Repeat only the lines below from the one that contains "O Moto Clube" through the final line, exactly. Omit pictures.

::: The data :::

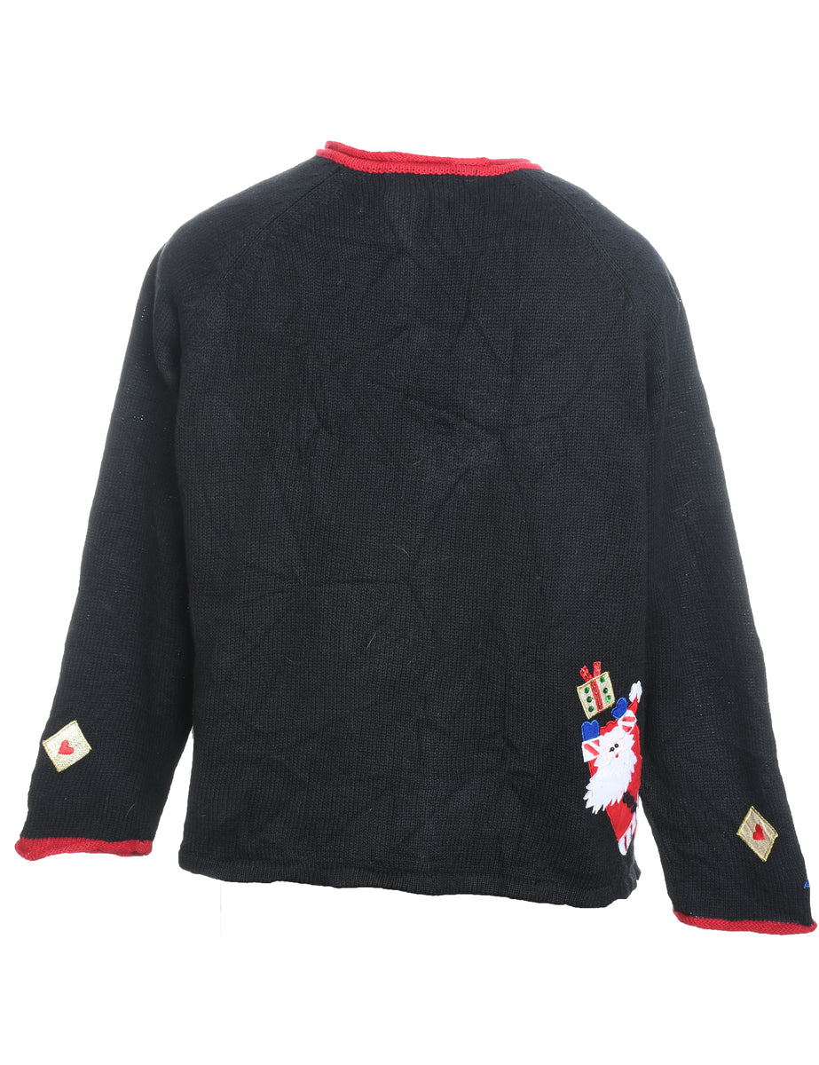 Santa Claus Design Black Appliqued Christmas Jumper - M
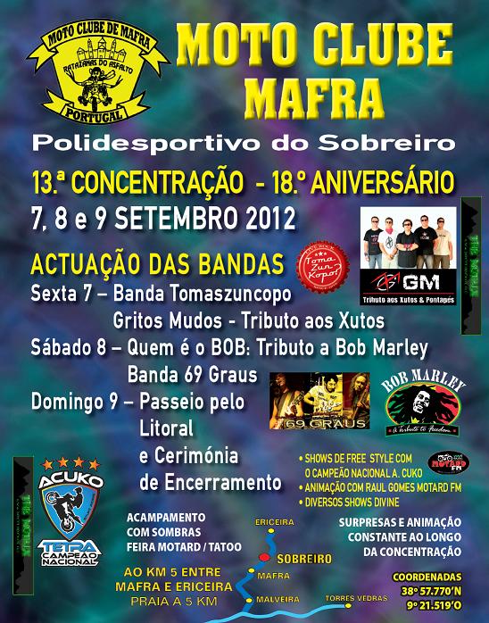 O Moto Clube de Mafra, vai realizar a 12 13 14 de Setembro de 2008 a 9ª concentração Mototuristica.
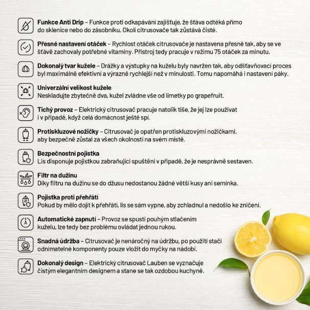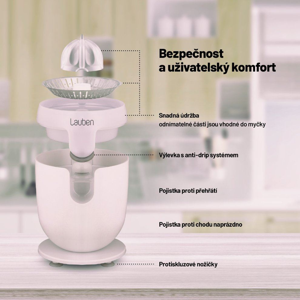 Vyznavačům zdravého životního stylu nesmí doma chybět pomocník v podobě elektrického citrusovače Lauben Electric Citrus Juicer 110WT. Jeho čistý design ozdobí každou kuchyňskou linku, kterou díky funkci Anti Drip nepotřísní ani kapka šťávy. Funkce proti odkapávání zajišťuje, že džus odtéká přímo do sklenice či zůstává v zásobníku. Rychlost otáček při odšťavňování je nastavena tak, aby si šťáva uchovala maximum vitamínů. Chuť navíc není nijak ovlivněna, neboť části dotýkající se ovoce jsou nerezové či z plastu splňujícího nejpřísnější nařízení EU a neuvolňují tak žádnou pachuť ani aroma. Tvar kužele a nastavení páky proces odšťavňování zefektivňují a tichý provoz umožňuje přípravu džusu v jakoukoliv hodinu. Bezpečný provoz zajišťují protiskluzové nožičky a pojistka zabraňující spuštění, není-li lis správně sestaven. Jistě potěší i snadná údržba, odnímatelné části stačí vložit do myčky.

:::

**Expected answer:**
 O Moto Clube de Mafra, vai realizar a 12 13 14 de Setembro de 2008 a 9ª concentração Mototuristica.
 Vyznavačům zdravého životního stylu nesmí doma chybět pomocník v podobě elektrického citrusovače Lauben Electric Citrus Juicer 110WT. Jeho čistý design ozdobí každou kuchyňskou linku, kterou díky funkci Anti Drip nepotřísní ani kapka šťávy. Funkce proti odkapávání zajišťuje, že džus odtéká přímo do sklenice či zůstává v zásobníku. Rychlost otáček při odšťavňování je nastavena tak, aby si šťáva uchovala maximum vitamínů. Chuť navíc není nijak ovlivněna, neboť části dotýkající se ovoce jsou nerezové či z plastu splňujícího nejpřísnější nařízení EU a neuvolňují tak žádnou pachuť ani aroma. Tvar kužele a nastavení páky proces odšťavňování zefektivňují a tichý provoz umožňuje přípravu džusu v jakoukoliv hodinu. Bezpečný provoz zajišťují protiskluzové nožičky a pojistka zabraňující spuštění, není-li lis správně sestaven. Jistě potěší i snadná údržba, odnímatelné části stačí vložit do myčky.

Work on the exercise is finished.